For while Island had a chap called Robert Nesta Marley leading a rasta pack which included the like of Toots & The Maytals, Jimmy Cliff, Third World and Black Uhuru, Virgin subsidiary Front Line was home to Gregory Isaacs, The Mighty Diamonds, U-Roy, Johnny Clarke and the Twinkle Brothers. A prime example, if ever there was one, of the record buying public benefitting from a little healthy competition.
This four CD, 86-track collection complete with 48-page booklet boasts most of Front Line's highlights from the last quarter of a century, with material from more than 25 of its artists.
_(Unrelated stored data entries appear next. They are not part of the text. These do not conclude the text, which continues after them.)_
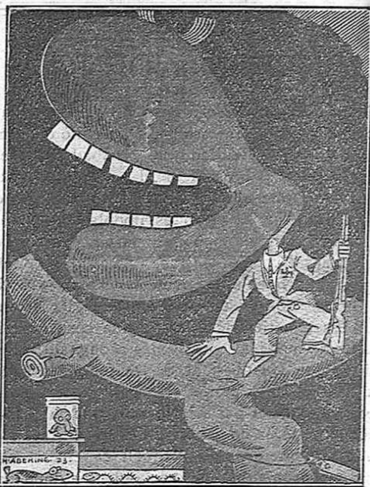
Aquesta vegada no en deixarem cap de viu

còlera o la peste bubònica. Quan un home és avari i de sentiments mesquins se li diu, com a insult suprem, com una escupinada llençada al mig del rostre: «Jueu!»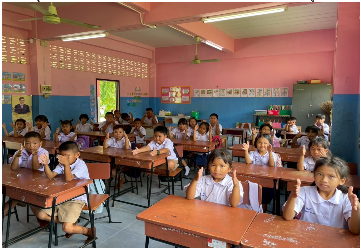
ภาพครูนำกิจกรรมกิจกรรมคิด ถามตอบจากสถานการณ์ที่กำหนดขึ้น (ดี ชั่ว ปกติ) เข้าสู่ห้องเรียน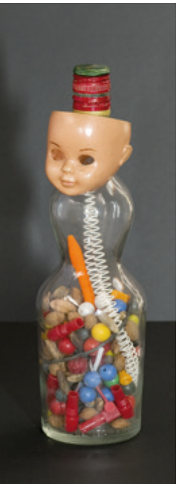
(Sin título), 1988. Vidrio, plásticos, etc. Alto 30 x Ø 9 cm (Sin título), anterior a 1958. Madera de castaño y cera. 34,3 x 8 x 6,5 cm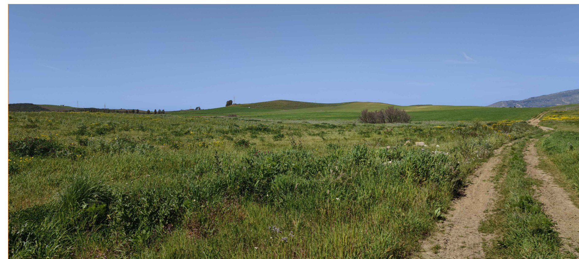
Cono ottico 3B - stato di fatto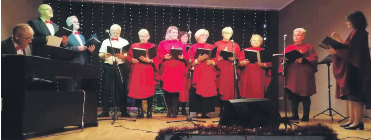
Chór Gaudete prezentował się pięknie.

Jak długo trwają święta? Czy o cudach wciąż można dziś usłyszeć? Przekonajcie się sami.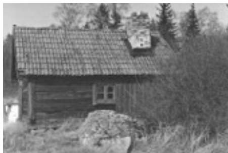
Gårdssmedjan vid Nibble gård, Hammarby socken på 1970-talet

När jag anlände till auktionen så mötte jag en påtagligt mycket lycklig man från Täby, som hade ropat in den intakta verktygs-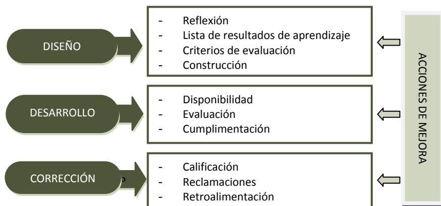
Figura 2. Recomendaciones para la aplicación de rúbricas en las prácticas de laboratorio

han recopilado los puntos considerados como críticos para la correcta puesta en marcha de las rúbricas en unas prácticas de laboratorio universitarias.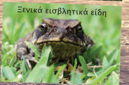
Ξενικά εισβλητικά είδη

Μαζί με όλες τις παραπάνω απειλές τα ξενικά εισβλητικά είδη μπορούν να βλάψουν τη βιοποικιλότητα και τα οικοσυστήματα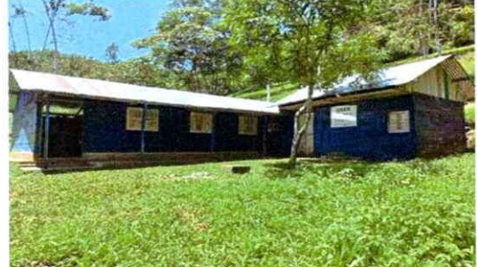
Foto 2: las puertas y ventanas estan en mal estado por lo tanto se realizara un cambio, al igual que las paredes cuentan con block sin embargo ya no se encuentran en muy buen estado.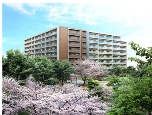
建物外観完成予想CG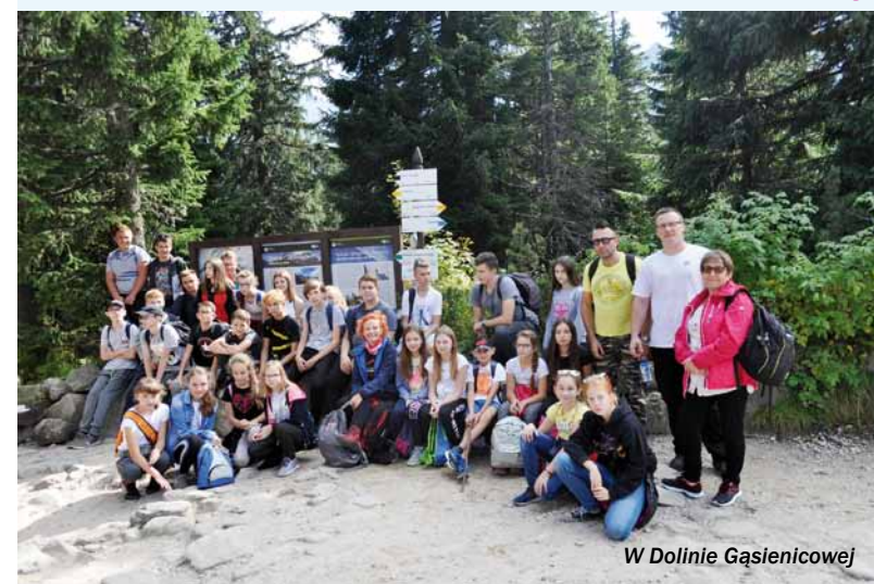
W Dolinie Gąsienicowej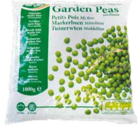
PISELLI DOLCI MEDIO FINI peso netto 1 kg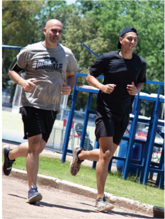
Actividad deportiva en pista de atletismo en Polideportivo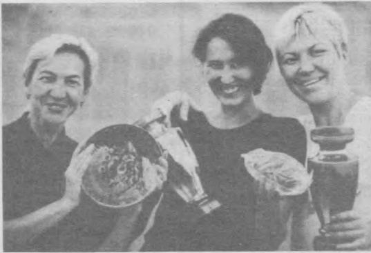
1999-й -- Год женщин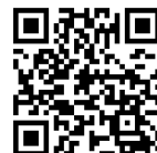
(3) プライバシーポリシー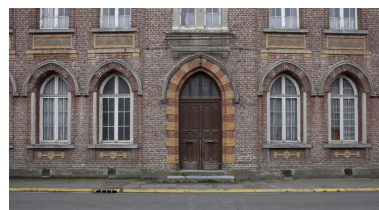
Le rez-de-chaussée de l'entrée principale.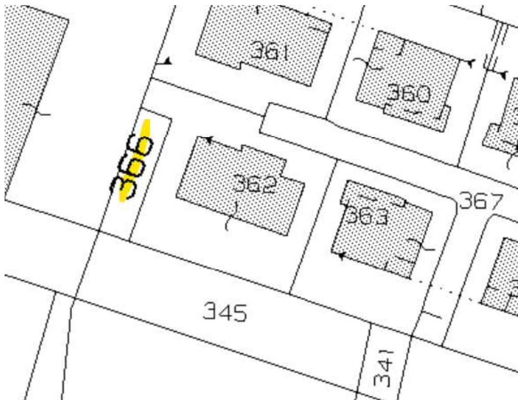
Inquadramento Generale particella 366 superficie – 358 (semi-interrato)

Hard to single out just a few, but the dubby delights here include Gregory Isaac's languid soul tones on the like of 'Black Liberation Struggle' and 'Native Women' - he'd moved to Mango by the time the hugely essential 'Night Nurse' was released in 1982 - The Abyssinians' sweet falsetto harmonies on 'Jah Loves' and 'This Land Is For Everyone' and the scratchy, violin-tinged ska beauty of The Paragons' 'Tide Is High' - covered by Blondie in 1980.
Elsewhere there's U-Roy's fantastic, royalty-baiting 'Chalice In The Palace', I Roy's lilting 'Tribute To Marcus Garvey', Althea And Donna's eternally popular 'Uptown Top Ranking' and the brassy brilliance of Tapper Zukie's 'MPLA' and 'Oh Lord' - with the immortal lines "cricket, lovely cricket" and "he bowl and it's a six".
Things get a tad patchy by CD four, with Sly Dunbar's novelty, syn-drum peppered version of the Sesame Street theme, a dubbed up rendition of the Twinkle Brothers' take on the Jim Reeves' classic 'Distant Drums' and the lacklustre closer of The Mighty Diamonds' 'Bodyguard'. But hey that's just being Mr Picky from Fussyville, Choosyshire. 'The Front Line Box Set' is an essential purchase for any discerning music fan who doesn't think that reggae begins and ends with UB bloody 40!